トリセツからすればバカバカしいことで、でも、もうためらわずに告げる。
「そして聞いて。君の名前はクローナだ!」
思った通り、幾度目かの困惑する思念が返ってくる。限りなく大きい「はてな」の思念。
「『部品』のボクにこゆうめいしょうはいらないよ。それに、このせんとうがおわったらリセットされるし」
こんなに混乱させてばかりで、ホントに申し訳ないと思う。トリセツの情報からすれば、自分がかなり「この子」に不当な要求をしていることは判断できる。それでも
「リセットなんてするもんか!」
そう叫ぶジョーである。そして、
「いいかい、一緒に戦うクローナは戦友だ。友達だ。だから僕は君をリセットなんかしない!そんなの、ルミアの言いつけでも許さない!」
「生体部品」はついに沈黙した。しかしそれは納得からはほど遠いようだった。混乱の末に「わけわかんない いまはいうだけムダ」というアキラメの心境に近い。
「おい。動いてるぞ」
「慌てるな。よく見ろ。「『脳なし』じゃないか。頭を狙えばイチコロだ!」
散発的ではあるが、クロガネの頭部、要はジョーがいる場所をめがけて矢や石が飛んでくる。

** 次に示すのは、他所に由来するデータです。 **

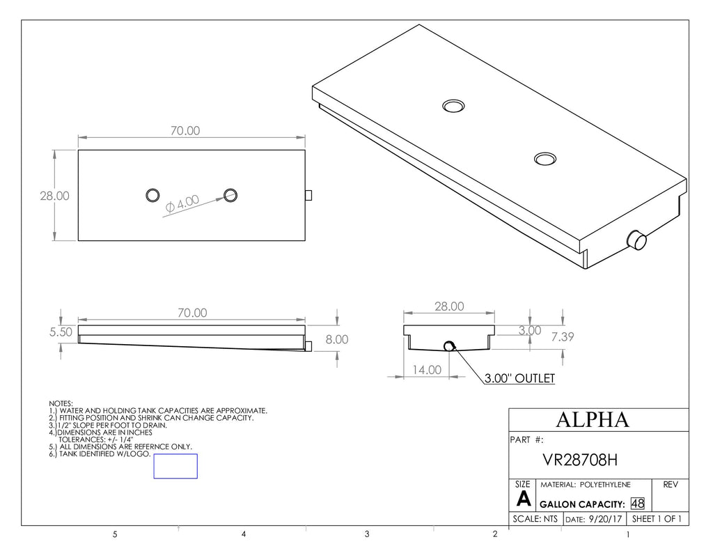 - What is the capacity of the alpha vr28708hblank holding tank? The Alpha VR28708HBLANK holding tank has a capacity of 48 gallons.
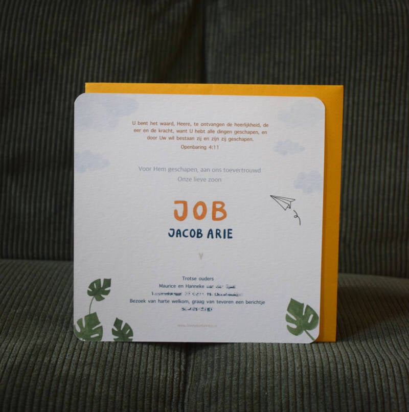 Voor Job's geboorte ontwierp ik deze kaart met afgeronde hoeken. De monstera is een knipoog naar alle stekjes die afkwamen van de familieplant. En het vliegtuigje mocht erop als fijne herinnering aan de reisjes die Hanneke en Maurice samen maakten.
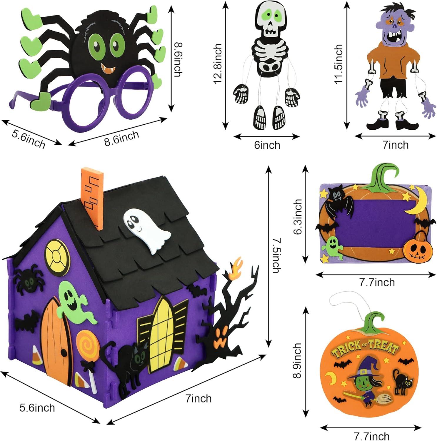 SUPER VALUE PACK. Our foam Halloween party favor includes a 3D Haunted House, Witch Trick or Treat Door Sign Hanger, Halloween Photo Frame, Spider Glasses, and 2 Halloween Characters Decor (Skull and Zombie). This craft kit comes with a unique design more than one hundred accessories and many Halloween characters included.

ここに立ったままだと、狙われ放題だ。まるで夜店の射的である。当たった場合の景品はこのゴーレムであろう。
幸い周りは壁らしいもので囲まれてる。ジョーは座って、正面の一段低くくぼんだ部分から顔だけ出した。そこに石がゴツンと当たって落ちる。鉱夫用ヘルメットはかぶっていたが。

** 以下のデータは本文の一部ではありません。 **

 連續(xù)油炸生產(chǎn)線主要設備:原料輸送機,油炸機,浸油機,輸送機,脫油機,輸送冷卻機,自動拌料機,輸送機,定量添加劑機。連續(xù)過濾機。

「イテテ!……ええっと、クローナ。あいつら、やっつけたいんだけど。どうすればいい?」
「……クローナ……ぬ…‥ソウテンにあったよね。ふつうにヤッツケテっていえば、このコはかしこいから」
「操典って、さっきのトリセツか。ああ…‥んじゃ、クロガネ、こいつらをやっつけろ!」
どうせ罪のない人たちをさんざん襲ってきた盗賊である。さすがにジョーも頭にはきている。クロガネは、対象も手段も目的も相当にいい加減なジョーの命令を、しかし過不足なく実行した。要は、黒い布をつけてこちらを攻撃する存在を戦闘不能にすればいいのである。別に殺さないようにとか、逆にとどめを刺せとかいう、付帯条件がない分、適当に暴れていればよい。命令者の意図を類推できる優秀さだ。
「これってクローナがやってるんじゃないのかい?」
「……クローナって……まぁ……あのね、これくらいならクロガネははんだんできるの。もっとむずかしくなったりしたら、ボクやキミがそうじゅうすることもできるけど」
名前を呼ばれることに抵抗があるらしく、いちいち不満げな「生体部品」だが、表立って反論している場合ではない、ということなのだろう。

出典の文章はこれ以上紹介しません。